-
-
Notifications
You must be signed in to change notification settings - Fork 14
Description
I have a group of 16 servers that I'm monitoring using ansible-pcp. I've added a few pmda's and I've left the other settings (sampling interval and retention period) at defaults. My metrics collection system was overwhelmed trying to keep up with the metrics reported, and I am theorizing that the redis save interval was responsible for the high rates of IO my system reported.
The metrics collection host is now a 4 vCPU, 16 GB RAM VM with an 80GB disk. (That seems sufficient based on the sizing guidance in https://pcp.readthedocs.io/en/latest/HowTos/scaling/index.html). On a previous iteration set up using this collection (on Fedora 35), the rdb file in /var/lib/redis was almost continuously being written, and that rdb file was continuously growing. It would get killed by systemd-oom beyond a certain point, depending on the amount of RAM I configured the VM with.

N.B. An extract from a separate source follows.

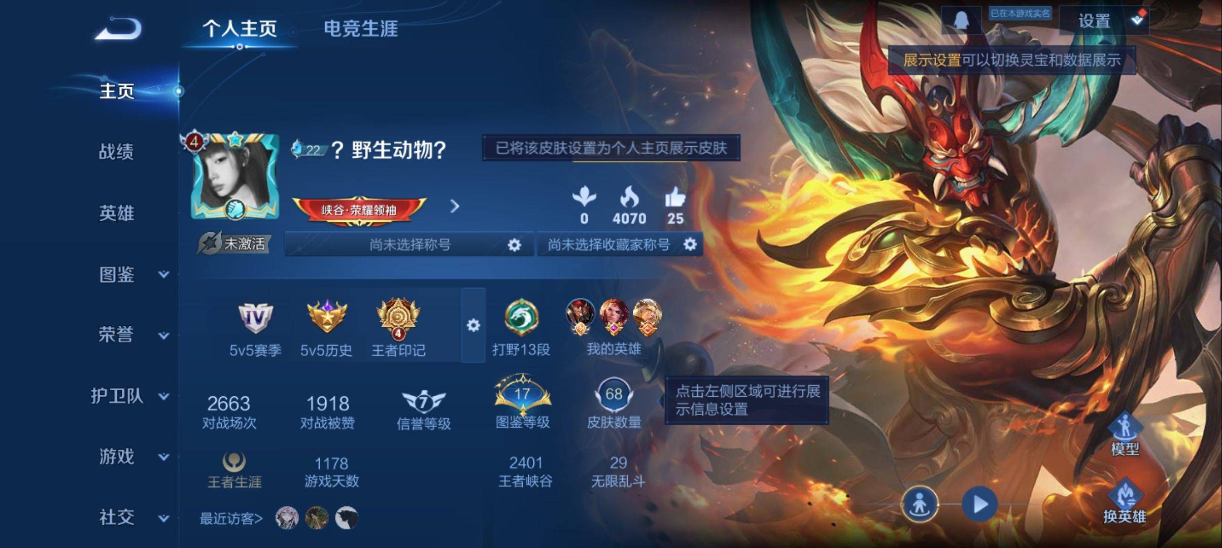 由于赛季更新段位以上号为准安卓Q【】英雄数量:120皮肤数量:110贵族等级:贵族V2传说品质3史诗品质24神树通天地狱之眼鸣野蒿天才门将鬼剑武藏魅力维加斯暗隐猎兽者乘风破浪未来纪元赵云金属风暴江河有灵修罗舞动绿茵电玩小子千年之狐摇滚巨星无心五谷丰年拒霜思高山流水纤云弄巧李小龙冰冠公主冰雪圆舞曲鹰眼护卫水果甜心节奏热浪妄想食味太极少年程咬金群星魔术团救世之瞳白执事乓乓大师乐园追猎者潮玩探月行海盐诗旅潮玩造梦师云中旅人蔚蓝守将大漠名商西部游侠无双福将古海寻踪缤纷绘卷探海日志瓷语鉴心秘密基地东方不败聚星闪耀劲辣红锅兔女郎特工战影大发明家黄金武士妄想特派天使之翼擒涛扼浪白色死神纽约教父死亡营地号:1718315221

Below is a sample graph from the second setup I tried, this time running on CentOS 8-stream (and Redis 5). The same save settings by default, with increasing amounts of disk I/O:
This represents the first 4 hours of reporting from a newly set up collector.
I'm currently experimenting with significantly dialing down the save interval (save 3600 1 only), but I'm not sure of how well that will work with the semantics of how pmproxy/pmlogger work.
I'm willing to PR some changes and take input on them working through this - including if I'm off base. (I am new to the pcp toolset, and to redis). Thanks for your time and attention!